Can You Read My Math?

In the film "Colussus: The Forbin Project", there comes a time when the two computers (Colussus and Guardian) decide to abandon "our" math and invent their own more efficient symbolic communication language.

In the Star Trek Next Generation episode "11001001", the Binars communicate much more efficiently with their own binary language than humans.

This article from BusinessWeek http://businessweek.com/print/magazine/content/06_04/b3968001.htm?chan=gl reports one attempt to begin encoding all information mathematically. From the article:

"How do you convert written words into math? Goldman says it takes a combination of algebra and geometry. Imagine an object floating in space that has an edge for every known scrap of information. It's called a polytope and it has near-infinite dimensions, almost impossible to conjure up in our earthbound minds. It contains every topic written about in the press. And every article that Inform processes becomes a single line within it. Each line has a series of relationships. A single article on Bordeaux wine, for example, turns up in the polytope near France, agriculture, wine, even alcoholism. In each case, Inform's algorithm calculates the relevance of one article to the next by measuring the angle between the two lines.

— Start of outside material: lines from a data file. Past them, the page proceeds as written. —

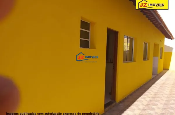 REF.1539-45/07. Linda casa térrea, ampla e iluminada, com corredor lateral, nova, localizada na praia de Mongaguá, com 02 dormitórios sendo1 suíte, sala e cozinha integradas, lavanderia, garagem com espaço para 2 veículos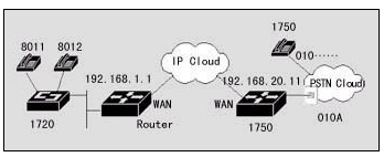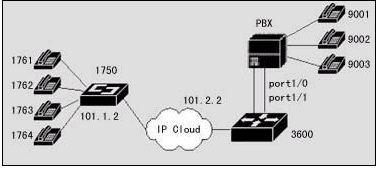 在該案例中,異地之間通過(guò)兩臺(tái)DCR 1750互連,并提供語(yǔ)音模塊,可直接接電話機(jī),使得異地之間可以通過(guò)IP網(wǎng)絡(luò)撥打IP語(yǔ)音電話。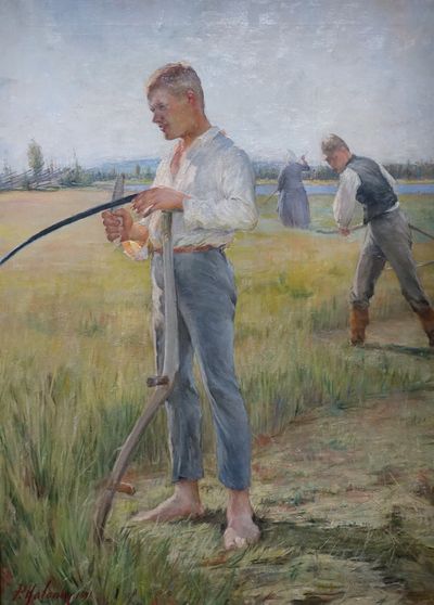 Lors de son premier séjour à Paris en 1890, Pekka Halonen trouve dans les œuvres naturalistes de Jules Bastien-Lepage et de Jean-François Millet le même idéal d'une coexistence harmonieuse entre l’homme et la nature. Il développe cette conception dans plusieurs tableaux, notamment Les Faucheurs. Peinte durant l'été 1891 à son retour en Finlande, l’œuvre représente des paysans travaillant paisiblement dans un champ ensoleillé. C’est le propre frère de l'artiste qui a posé pour la figure du premier plan. |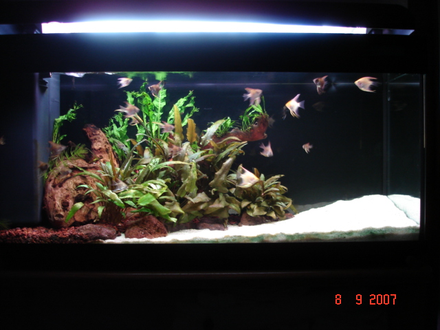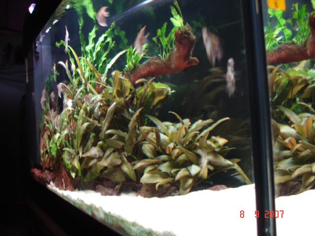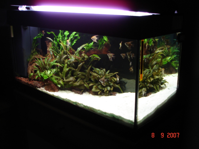 -------------------------------------------------------------------------------- Πληροφορίες Διαστάσεις:80 Χ 30 Χ 40 carrefour Όγκος:ονομαστικός όγκος 96 λίτρα Κατηγορία:παιδική χαρά Φυτά: microsorum pteropus,ceratophyllum demersum, cryptocoryne balansae, cryptocoryne wendtii brown, microsorium "ex Natura". Ψάρια / ¶λλα είδη: Pterophyllum scalare (περίπου 25 μικρά) 1 Corydoras aeneus albino Διακοσμητικά υλικά: ξύλα mopani, ελάχιστες πέτρες, σκούρο χαλίκι κατάλληλο για ενυδρειακή χρήση με ύψος περίπου 5-6 cm,άμμος λευκή ψιλή, υπόστρωμα sera floredepot κάτω από το χαλίκι Φόντο: μαύρο χαρτόνι Φωτισμός: 2 Χ 18W (arcadia original tropica, sylvania daylight) Διάρκεια φωτισμού: 10 ώρες, μέσω χρονοδιακόπτη Φιλτράρισμα: Το εργοστασιακό φίλτρο με αλλαγμένο κυκλοφορητή παροχής περίπου 450l/h. Θερμοστάτης: hydor 100w Λίπανση: - Παροχή CO2:- Παράμετροι: pH:8 Γενική σκληρότητα (GH):33 Ανθρακική σκληρότητα (ΚΗ):10 Αμμωνία (ΝΗ3):0 Νιτρώδη (ΝΟ2):0 Νιτρικά (ΝΟ3):20 Αλλαγές νερού:περίπου 40 λίτρα κάθε εβδομάδα Θερμοκρασία:27-28 ¶λλες πληροφορίες: το ενυδρείο αποκτήθηκε αποκλειστικά για τα μικρά αγγελόψαρα . Αργότερα μπορεί να φιλοξενήσει κάποιο ζευγάρι.Τρέχει περίπου από το Μάιο και στρώθηκε χρησιμοποιώντας υλικά από το 30λιτρο που τα φιλοξενούσε πρίν και από το κύριο ενυδρείο. Φωτογραφία: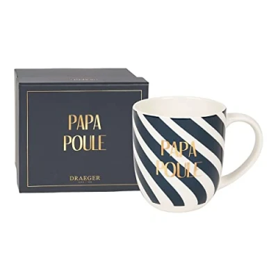 STYLISH MUG FOR COFFEE - Want to drink your favourite drink from a lovely mug? Shop our original ceramic mugs with personalised messages. Capacity: 320 ml, height: 9.5 cm, diameter: 8 cm. Our mugs are dishwasher safe but not microwave safe. Chic and trendy design: in blue or pink, our mugs are illustrated with geometric lines and shapes for a very graphic look. The chic detail? The message is written in hot gold. Each mug will become a beautiful decorative element wherever you put it. TRENDY MESSAGES: Are you looking for a gift for your dad? We've got you covered: a cool dad mug or dad hen. You can choose the message that looks like it most A very beautiful gift: for Father's Day or as a Christmas gift, give your dad one of these mugs. A little attention that will surely appeal to her. Each of our mugs comes in a beautifully crafted gift box with a hot gold finish. Enhancing your emotions since 1886: Draeger has written some of the most beautiful iconographic pages of the 20th century, working for large luxury names and collaborating with renowned artists like Dali, Picasso, Cocteau and Matisse. Today, Draeger continues to rely on quality products to deliver happiness and emotions: the beauty of images, elegance of messages, nobility of materials and perfection of design., Weight: 0.8377565956 pounds, Manufacturer: DRAEGER PARIS 1886

By the time you're reading these words, this very article will exist as a line in Goldman's polytope. And that raises a fundamental question: If long articles full of twists and turns can be reduced to a mathematical essence, what's next? Our businesses -- and, yes, ourselves."


How will we know when the computers processing all this information begin to self organize into intelligences with their own language, one which is far superior to English or any other existing language?

We're spending a lot of time and effort to get computers to understand our language. Perhaps it is we who should be learning theirs.